Work to be completed. Exact copies of the lines below are the goal; any images in them are dropped.

Exercise data.
--- START ---
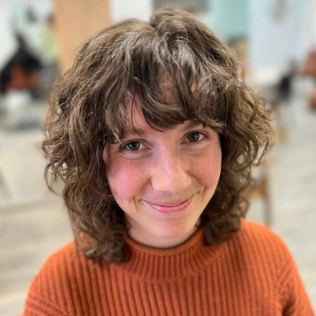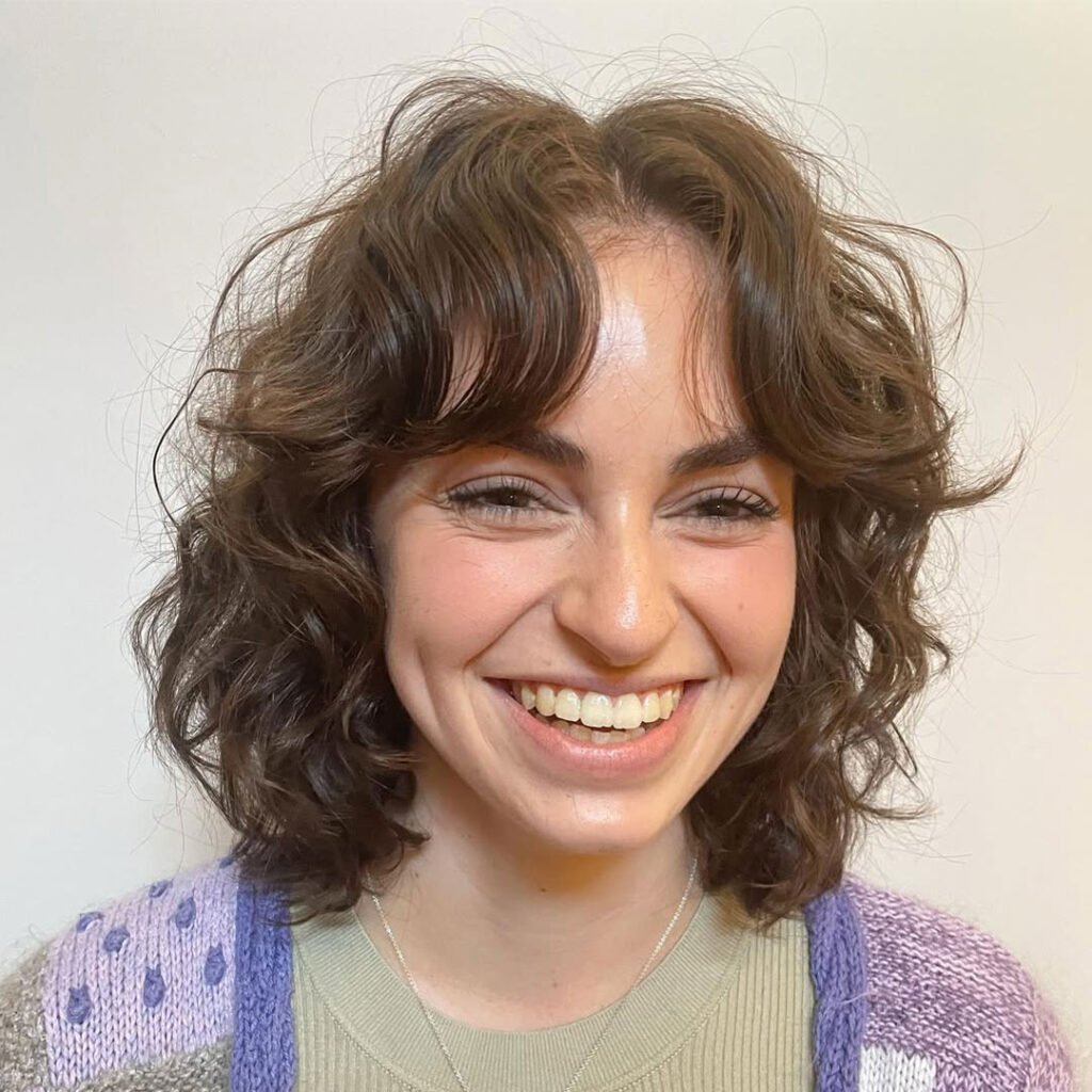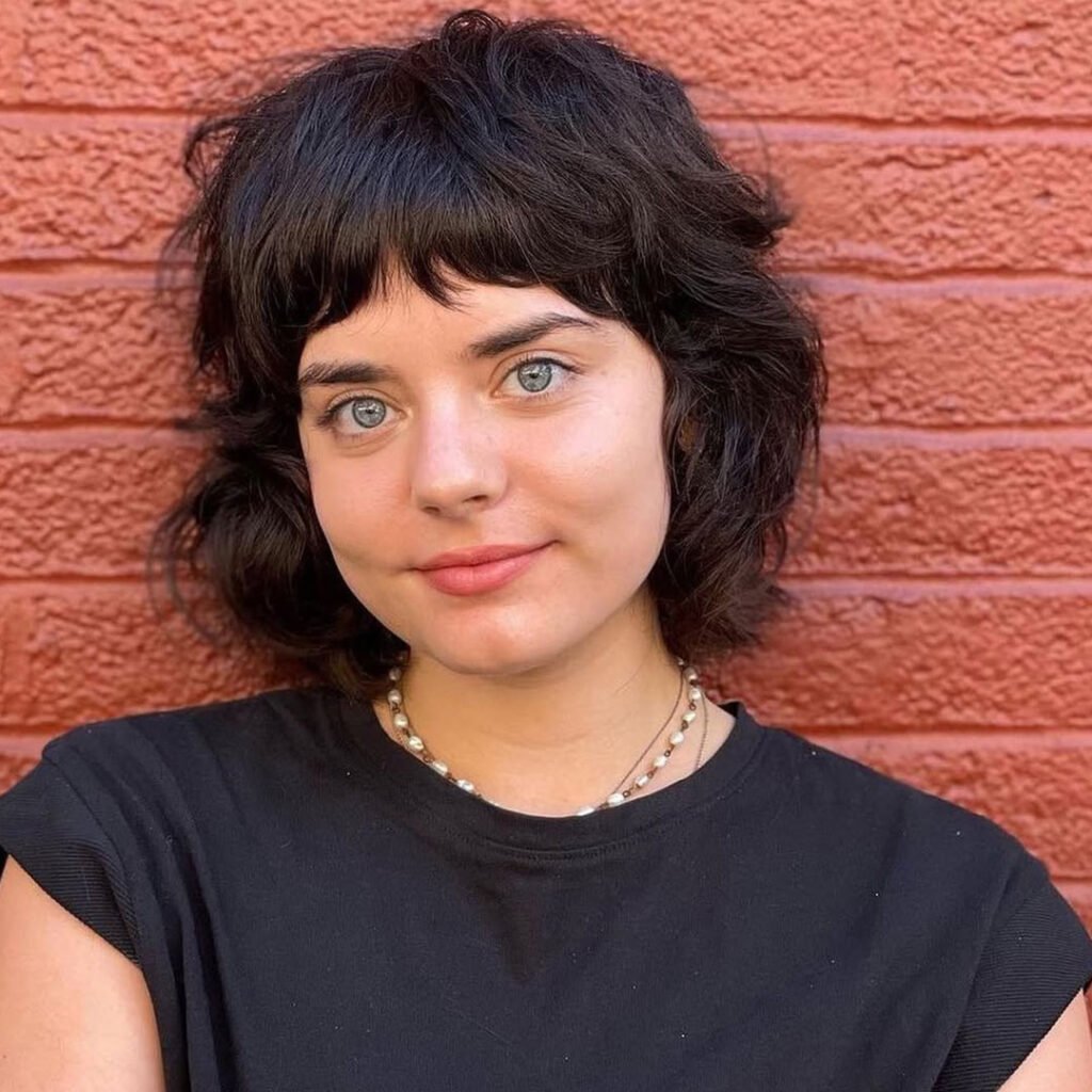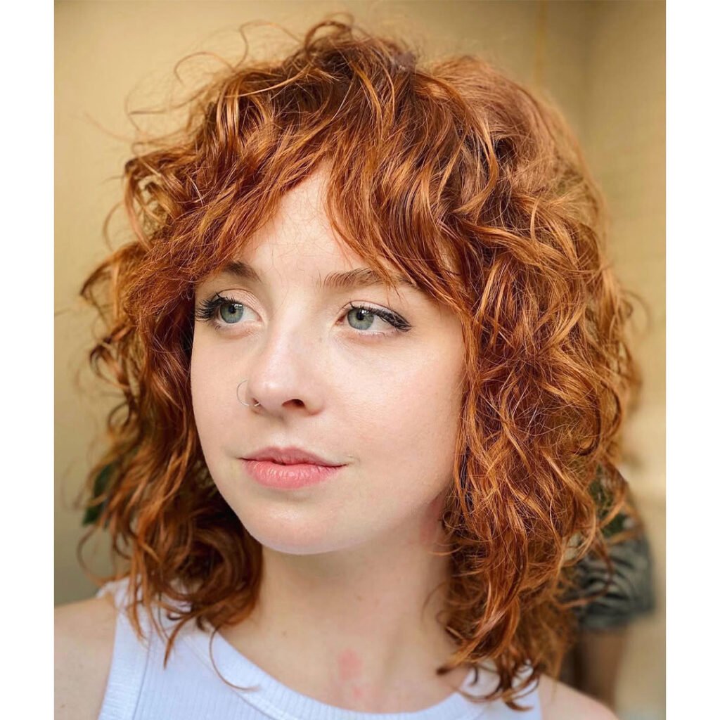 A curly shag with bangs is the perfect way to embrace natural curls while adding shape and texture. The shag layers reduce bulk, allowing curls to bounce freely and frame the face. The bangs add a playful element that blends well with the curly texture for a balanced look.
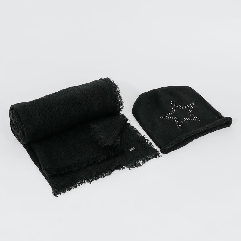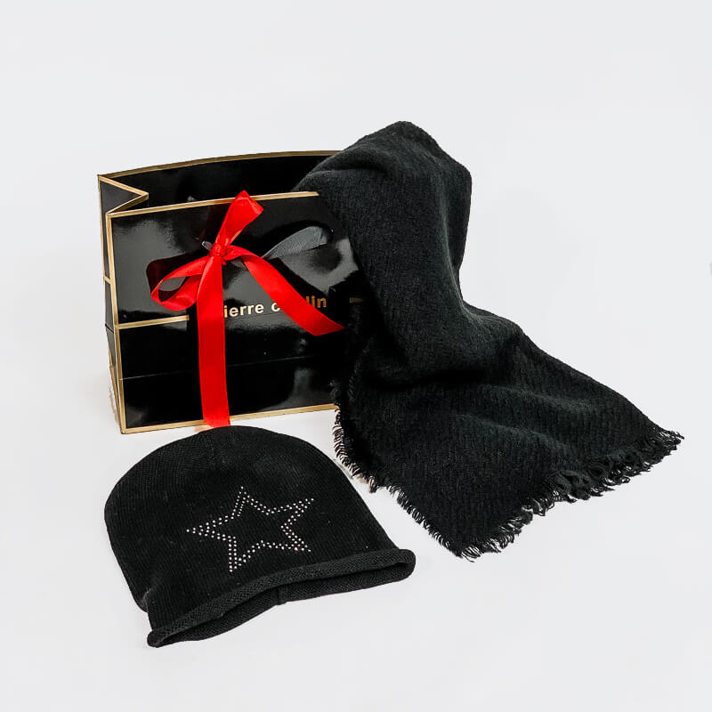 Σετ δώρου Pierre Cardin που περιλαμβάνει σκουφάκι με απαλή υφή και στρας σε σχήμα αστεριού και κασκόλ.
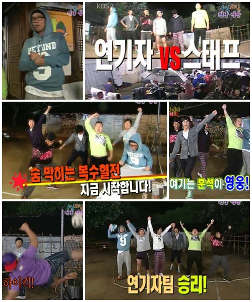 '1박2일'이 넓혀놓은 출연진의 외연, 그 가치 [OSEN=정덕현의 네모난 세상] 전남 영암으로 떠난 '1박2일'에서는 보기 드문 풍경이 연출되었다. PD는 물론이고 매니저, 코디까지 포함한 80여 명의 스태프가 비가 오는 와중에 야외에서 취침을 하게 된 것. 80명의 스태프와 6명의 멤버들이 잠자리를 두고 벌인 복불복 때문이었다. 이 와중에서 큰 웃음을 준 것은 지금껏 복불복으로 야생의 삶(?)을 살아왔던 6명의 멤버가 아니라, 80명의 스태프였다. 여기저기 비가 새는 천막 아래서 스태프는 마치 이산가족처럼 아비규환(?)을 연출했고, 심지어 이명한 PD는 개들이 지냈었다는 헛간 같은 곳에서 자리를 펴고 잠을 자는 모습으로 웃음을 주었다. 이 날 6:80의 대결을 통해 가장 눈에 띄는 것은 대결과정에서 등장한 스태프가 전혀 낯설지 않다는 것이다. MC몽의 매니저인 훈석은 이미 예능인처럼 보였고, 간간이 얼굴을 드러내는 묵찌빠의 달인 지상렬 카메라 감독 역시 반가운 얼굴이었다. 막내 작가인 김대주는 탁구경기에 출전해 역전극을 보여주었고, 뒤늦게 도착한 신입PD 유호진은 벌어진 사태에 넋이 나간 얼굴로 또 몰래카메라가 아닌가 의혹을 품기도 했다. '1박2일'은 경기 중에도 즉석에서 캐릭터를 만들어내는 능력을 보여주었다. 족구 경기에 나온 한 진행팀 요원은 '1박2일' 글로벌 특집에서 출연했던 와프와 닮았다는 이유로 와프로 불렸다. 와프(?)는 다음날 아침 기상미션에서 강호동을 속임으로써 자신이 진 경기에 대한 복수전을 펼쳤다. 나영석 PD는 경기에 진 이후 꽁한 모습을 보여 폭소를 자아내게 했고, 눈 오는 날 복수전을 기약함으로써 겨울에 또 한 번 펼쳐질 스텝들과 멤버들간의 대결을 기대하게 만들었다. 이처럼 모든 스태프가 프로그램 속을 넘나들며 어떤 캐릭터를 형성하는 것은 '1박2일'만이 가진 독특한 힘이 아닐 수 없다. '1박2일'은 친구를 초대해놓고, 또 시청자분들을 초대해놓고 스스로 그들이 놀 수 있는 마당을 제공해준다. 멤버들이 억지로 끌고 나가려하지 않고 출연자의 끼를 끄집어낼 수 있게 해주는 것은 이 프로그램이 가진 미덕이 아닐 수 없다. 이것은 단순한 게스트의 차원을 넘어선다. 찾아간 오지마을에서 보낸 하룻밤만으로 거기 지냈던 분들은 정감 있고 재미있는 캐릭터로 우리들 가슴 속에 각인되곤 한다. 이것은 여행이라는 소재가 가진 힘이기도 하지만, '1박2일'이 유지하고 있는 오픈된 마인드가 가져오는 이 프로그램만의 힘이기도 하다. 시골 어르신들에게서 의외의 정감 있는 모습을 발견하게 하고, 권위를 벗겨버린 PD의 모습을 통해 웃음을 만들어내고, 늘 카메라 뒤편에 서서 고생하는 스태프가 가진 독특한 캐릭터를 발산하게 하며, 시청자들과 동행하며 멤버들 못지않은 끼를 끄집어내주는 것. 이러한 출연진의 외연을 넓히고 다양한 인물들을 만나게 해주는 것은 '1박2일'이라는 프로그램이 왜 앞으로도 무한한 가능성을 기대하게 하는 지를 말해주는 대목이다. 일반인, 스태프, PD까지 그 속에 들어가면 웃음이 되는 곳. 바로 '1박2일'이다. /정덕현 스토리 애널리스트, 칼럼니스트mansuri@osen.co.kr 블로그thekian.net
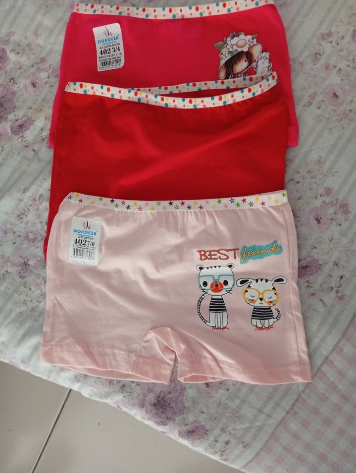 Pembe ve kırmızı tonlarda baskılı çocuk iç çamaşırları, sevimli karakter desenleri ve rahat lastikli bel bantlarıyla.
--- END ---
Answer section.
 A curly shag with bangs is the perfect way to embrace natural curls while adding shape and texture. The shag layers reduce bulk, allowing curls to bounce freely and frame the face. The bangs add a playful element that blends well with the curly texture for a balanced look.
 Σετ δώρου Pierre Cardin που περιλαμβάνει σκουφάκι με απαλή υφή και στρας σε σχήμα αστεριού και κασκόλ.
 '1박2일'이 넓혀놓은 출연진의 외연, 그 가치 [OSEN=정덕현의 네모난 세상] 전남 영암으로 떠난 '1박2일'에서는 보기 드문 풍경이 연출되었다. PD는 물론이고 매니저, 코디까지 포함한 80여 명의 스태프가 비가 오는 와중에 야외에서 취침을 하게 된 것. 80명의 스태프와 6명의 멤버들이 잠자리를 두고 벌인 복불복 때문이었다. 이 와중에서 큰 웃음을 준 것은 지금껏 복불복으로 야생의 삶(?)을 살아왔던 6명의 멤버가 아니라, 80명의 스태프였다. 여기저기 비가 새는 천막 아래서 스태프는 마치 이산가족처럼 아비규환(?)을 연출했고, 심지어 이명한 PD는 개들이 지냈었다는 헛간 같은 곳에서 자리를 펴고 잠을 자는 모습으로 웃음을 주었다. 이 날 6:80의 대결을 통해 가장 눈에 띄는 것은 대결과정에서 등장한 스태프가 전혀 낯설지 않다는 것이다. MC몽의 매니저인 훈석은 이미 예능인처럼 보였고, 간간이 얼굴을 드러내는 묵찌빠의 달인 지상렬 카메라 감독 역시 반가운 얼굴이었다. 막내 작가인 김대주는 탁구경기에 출전해 역전극을 보여주었고, 뒤늦게 도착한 신입PD 유호진은 벌어진 사태에 넋이 나간 얼굴로 또 몰래카메라가 아닌가 의혹을 품기도 했다. '1박2일'은 경기 중에도 즉석에서 캐릭터를 만들어내는 능력을 보여주었다. 족구 경기에 나온 한 진행팀 요원은 '1박2일' 글로벌 특집에서 출연했던 와프와 닮았다는 이유로 와프로 불렸다. 와프(?)는 다음날 아침 기상미션에서 강호동을 속임으로써 자신이 진 경기에 대한 복수전을 펼쳤다. 나영석 PD는 경기에 진 이후 꽁한 모습을 보여 폭소를 자아내게 했고, 눈 오는 날 복수전을 기약함으로써 겨울에 또 한 번 펼쳐질 스텝들과 멤버들간의 대결을 기대하게 만들었다. 이처럼 모든 스태프가 프로그램 속을 넘나들며 어떤 캐릭터를 형성하는 것은 '1박2일'만이 가진 독특한 힘이 아닐 수 없다. '1박2일'은 친구를 초대해놓고, 또 시청자분들을 초대해놓고 스스로 그들이 놀 수 있는 마당을 제공해준다. 멤버들이 억지로 끌고 나가려하지 않고 출연자의 끼를 끄집어낼 수 있게 해주는 것은 이 프로그램이 가진 미덕이 아닐 수 없다. 이것은 단순한 게스트의 차원을 넘어선다. 찾아간 오지마을에서 보낸 하룻밤만으로 거기 지냈던 분들은 정감 있고 재미있는 캐릭터로 우리들 가슴 속에 각인되곤 한다. 이것은 여행이라는 소재가 가진 힘이기도 하지만, '1박2일'이 유지하고 있는 오픈된 마인드가 가져오는 이 프로그램만의 힘이기도 하다. 시골 어르신들에게서 의외의 정감 있는 모습을 발견하게 하고, 권위를 벗겨버린 PD의 모습을 통해 웃음을 만들어내고, 늘 카메라 뒤편에 서서 고생하는 스태프가 가진 독특한 캐릭터를 발산하게 하며, 시청자들과 동행하며 멤버들 못지않은 끼를 끄집어내주는 것. 이러한 출연진의 외연을 넓히고 다양한 인물들을 만나게 해주는 것은 '1박2일'이라는 프로그램이 왜 앞으로도 무한한 가능성을 기대하게 하는 지를 말해주는 대목이다. 일반인, 스태프, PD까지 그 속에 들어가면 웃음이 되는 곳. 바로 '1박2일'이다. /정덕현 스토리 애널리스트, 칼럼니스트mansuri@osen.co.kr 블로그thekian.net
 Pembe ve kırmızı tonlarda baskılı çocuk iç çamaşırları, sevimli karakter desenleri ve rahat lastikli bel bantlarıyla.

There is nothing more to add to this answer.